Popular item feedback advantage
The second form of popularity bias is popular item feedback advantage in which popular items tend to have more user feedback (ratings, streams, clicks) associated with them. These first two versions of popularity bias are related in that recommender systems tend to be optimized per unit of feedback (e.g., each user-item interaction), and since popular items are associated with more feedback, an algorithm that does better on popular items will perform better overall.
This kind of popularity bias is not a direct problem for Localify right now since we use an artist-artist similarity matrix instead of a user-artist matrix which is the typical input to a recommendation algorithm. This is because we don’t have much of our own user data (yet!) and artist-artist similarity data is readily available using both music data APIs. (e.g., Spotify or Last.fm are two good music data APIs with artist similarity information.)
The third version of popularity bias, called popularity lift, is related to the difference in popularity between items in the user’s profile (i.e., the inputs) and items that are recommended to the user (the outputs) [See the work of Abdollahpouri et al. 2019]. The intuition is that if we think of recommender systems as traversing a graph of (embedded) items and users, there are more paths to the popular items.

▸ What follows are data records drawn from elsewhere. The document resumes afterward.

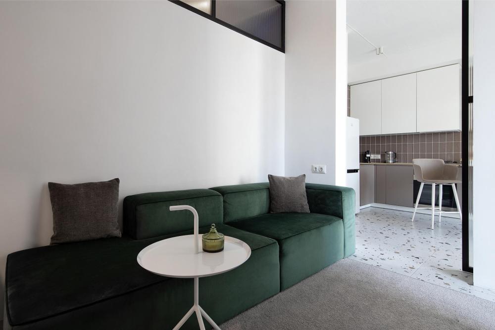1-комнатные апартаменты люкс Оснащение и удобства: спальня с просторной двуспальной кроватью (160×200; гостиная с удобным диваном и телевизором; полностью оборудованная кухня включает плиту, духовой шкаф, микроволновку, посудомоечную машину, холодильник, кофемашину и фильтр для воды; ванная комната с удобной ванной.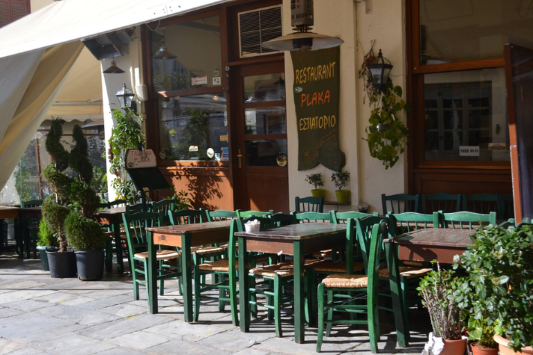 Я люблю Плаку за живописное оформление, уют и атмосферу гостеприимства. Все в зелени, горшочках с цветами...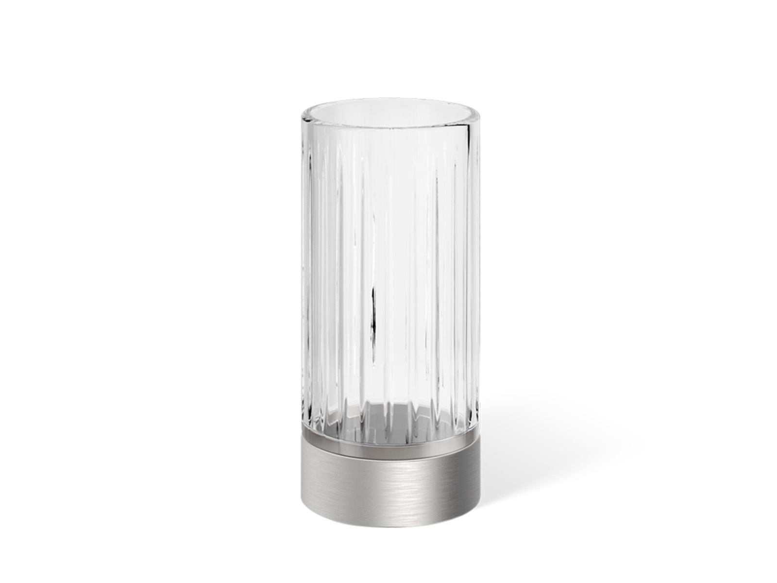 Elegancki nablatowy okrągły kubeczek łazienkowy wykonany z ciętego przezroczystego bezbarwnego szkła kryształowego.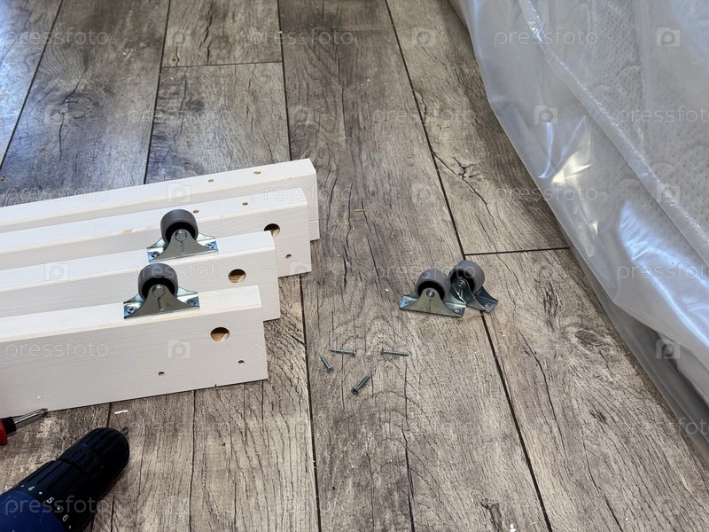 Деревянные панели с колесами. Отвертка рядом. Сборка пуфа. Подъем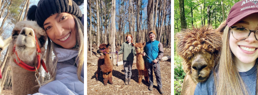 Up to 12 people walk alpacas at once – sign up just 1 spot for yourself or fill all 12 spots with your friends.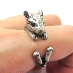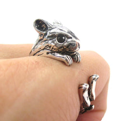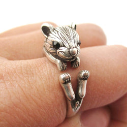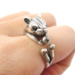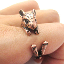 Realistic Hamster Gerbil With Walnut Animal Wrap Ring in Brass | US Size 6 to 9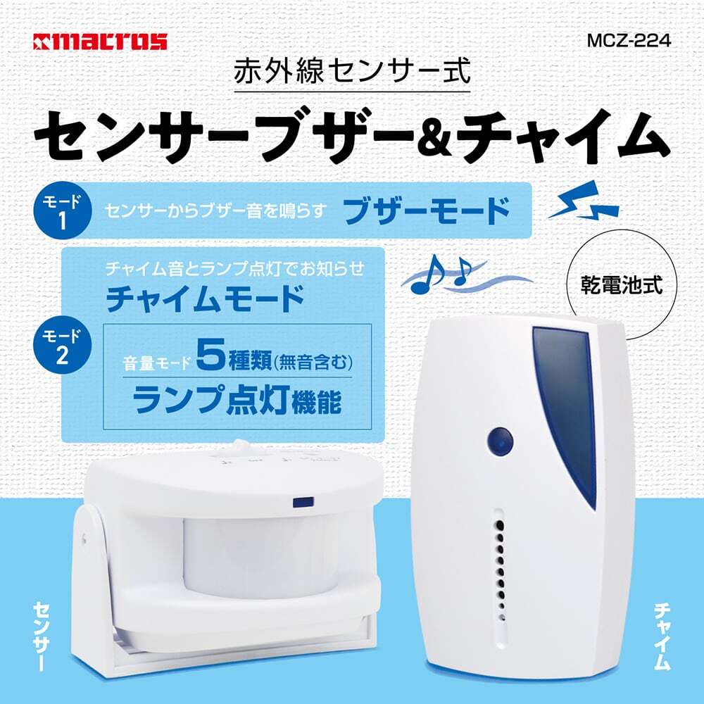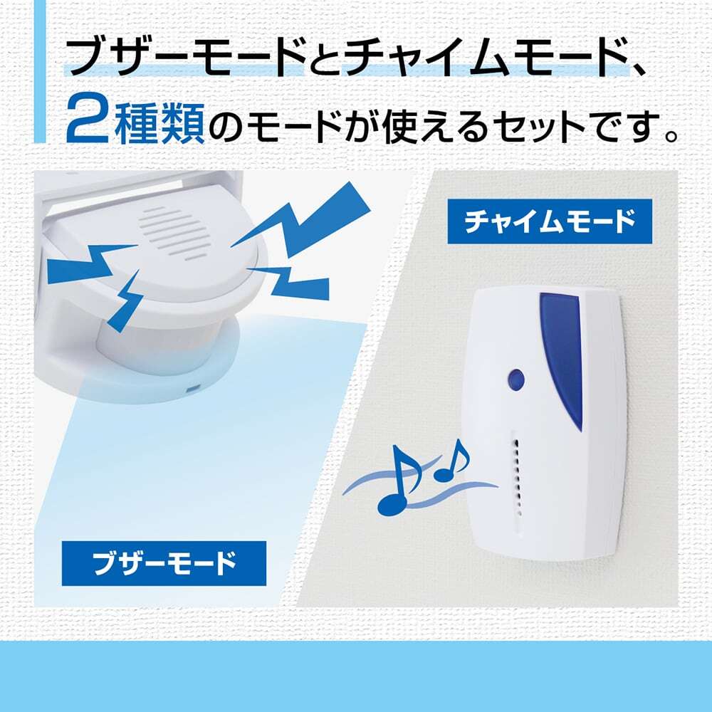 センサーからブザー音を鳴らす「ブザーモード」と、チャイム音とランプの点灯で知らせる「チャイムモード」の2種類の使い方ができるセンサーとチャイムのセットです。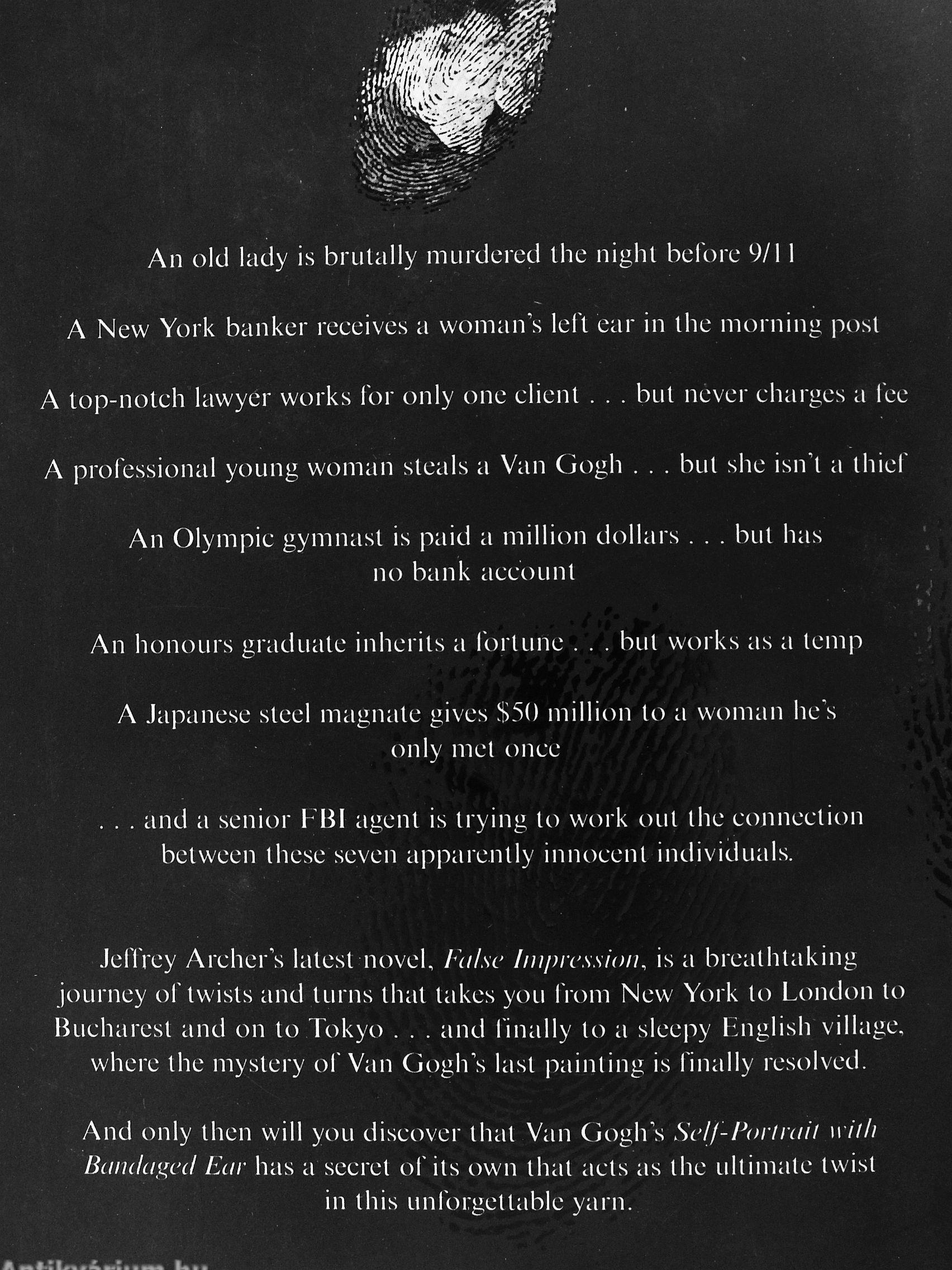Jeffrey Arehers latest novel. False Impression, is a breathtaking journey of twists and turns that takes you frt)m New York to London lo Bucharest and on lo Tokyo . . . and finally lo a sleepy linglish village, where the mystery of Van Gogh s last painting is finally resolved.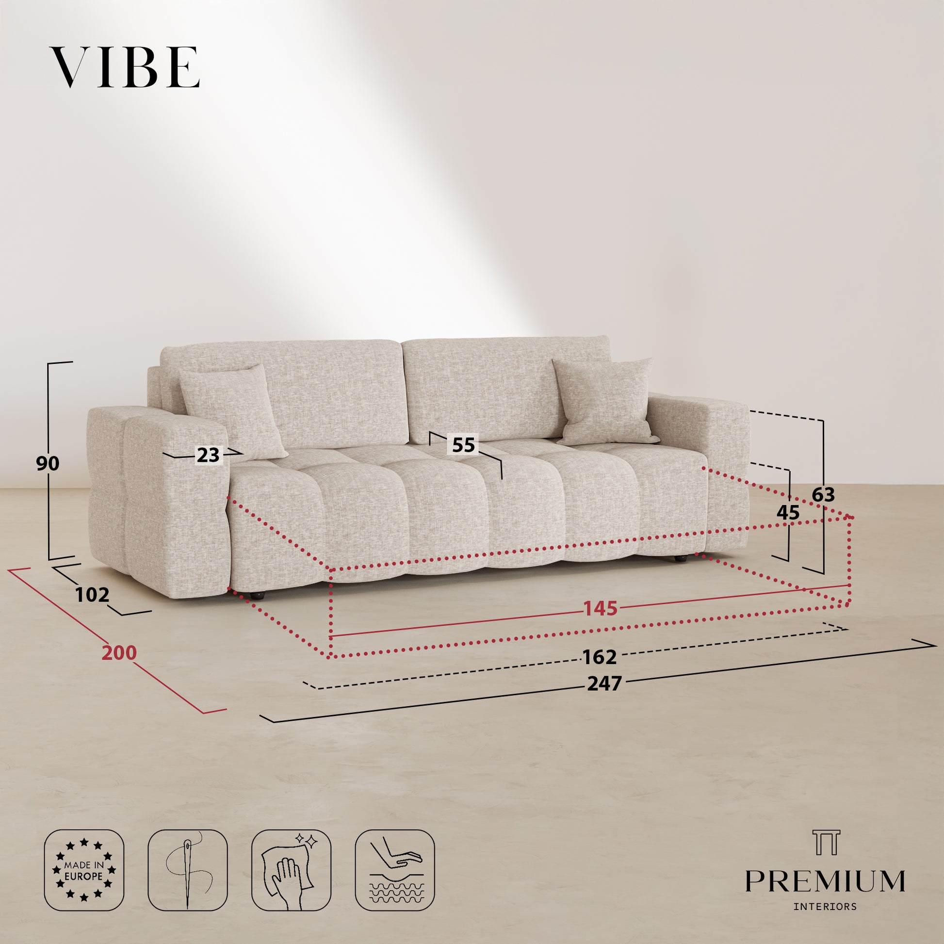 VIBE est bien plus qu’un simple canapé, c’est une fusion parfaite entre design, confort et fonctionnalité. Son allure élégante, ses courbes délicates et son aspect subtilement bombé en font une pièce forte qui attire immédiatement le regard. Conçu pour apporter une touche de sophistication à votre intérieur, il s’intègre aussi bien dans une décoration moderne que dans un cadre plus éclectique.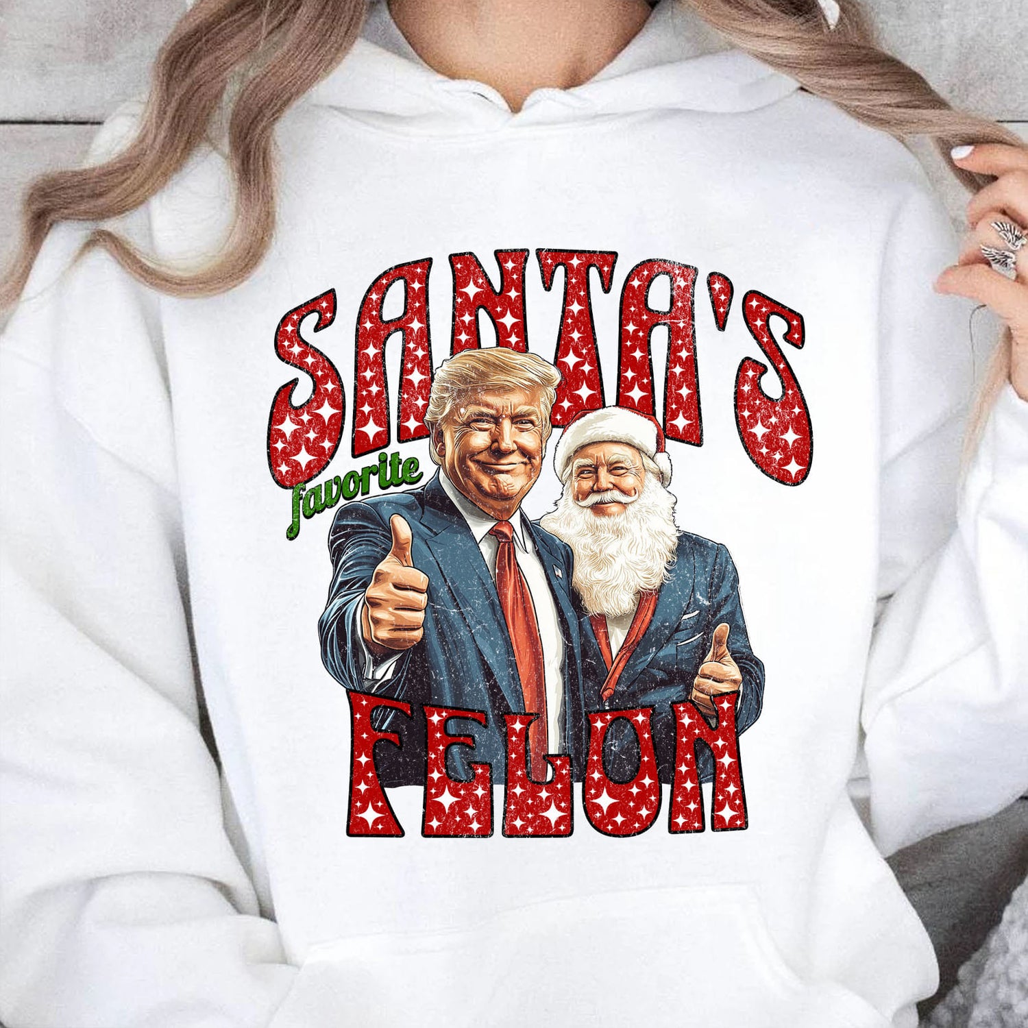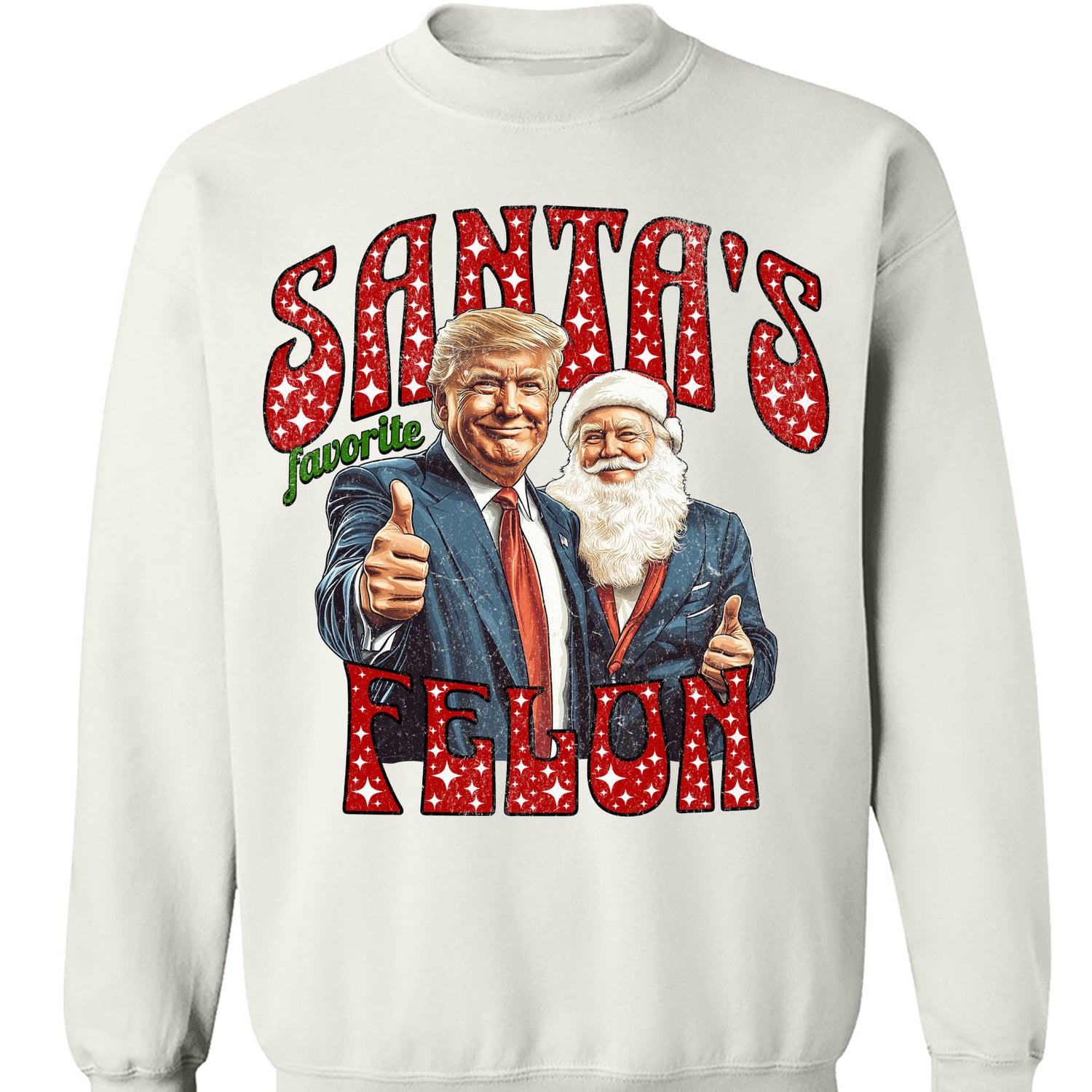 This sweatshirt design features a humorous holiday illustration of Donald Trump standing beside Santa Claus. Trump, dressed in a suit and red tie, gives a thumbs-up and smiles, while Santa, wearing his traditional red and white suit, also smiles and holds up his thumb. The text above them reads "SANTA'S favorite FELON" in bold, red letters with a festive star pattern. "Santa's" and "Felon" are prominently displayed, with "favorite" in green cursive, adding a playful touch. This design combines Christmas cheer with a satirical twist.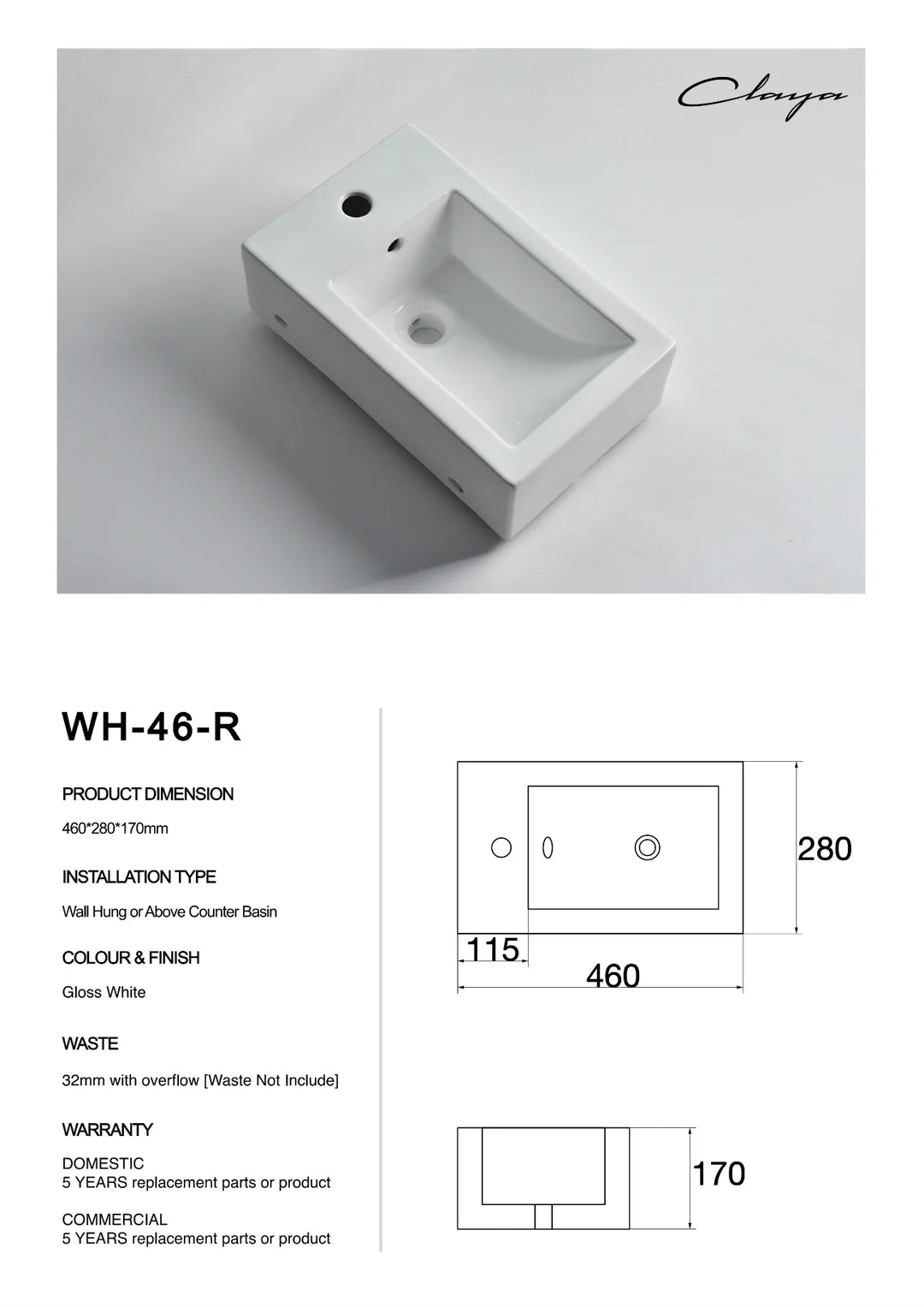 - Waste: 32mm With overflow

This can be pernicious in that it can contribute to a rich-get-richer cultural marketplace in which popular items crowd out less popular items that might be of more value to the user. Crowding out is especially important in the music domain because of the mere exposure effect in which listeners have to first become familiar with the music before they will appreciate it.
One thing we were curious about was how much popularity lift bias there was in commercial streaming services. We conducted a study where we simulated new users on different music streaming services (Spotify, Amazon Music, YouTube). We seed a user with low, medium, and high popular artists and then record which artists were recommended back to the simulated user.
To our surprise, we did not observe any popularity lift from the automatically generated personalized playlists on any streaming music services. However, this is not to say that streaming services are not responsible for creating the extreme “rich get richer” marketplace. Instead, we think that this may be created by the popular human-curated playlists that are maintained by editors from the steaming services or companies related to the major record labels. Luis Aguilar has done excellent work on measuring the actual value in dollars of having a song get placed on one of these high-profile playlists. It is big business so it is not surprising that less popular, independent artists may be being crowded out since they do not have the knowledge or connections to compete.
Why It Matters
Our goal for Locality is to explore all three forms of popularity bias so that local artists have a fair chance to compete for the listener’s attention. In addition, users are more likely to prefer an artist after they have seen them live. If we recommend (less popular) local artists who play inexpensive shows at nearby venues, the user may find value in a recommender system that recommends these artists over (mainstream) non-local artists they typically might listen to.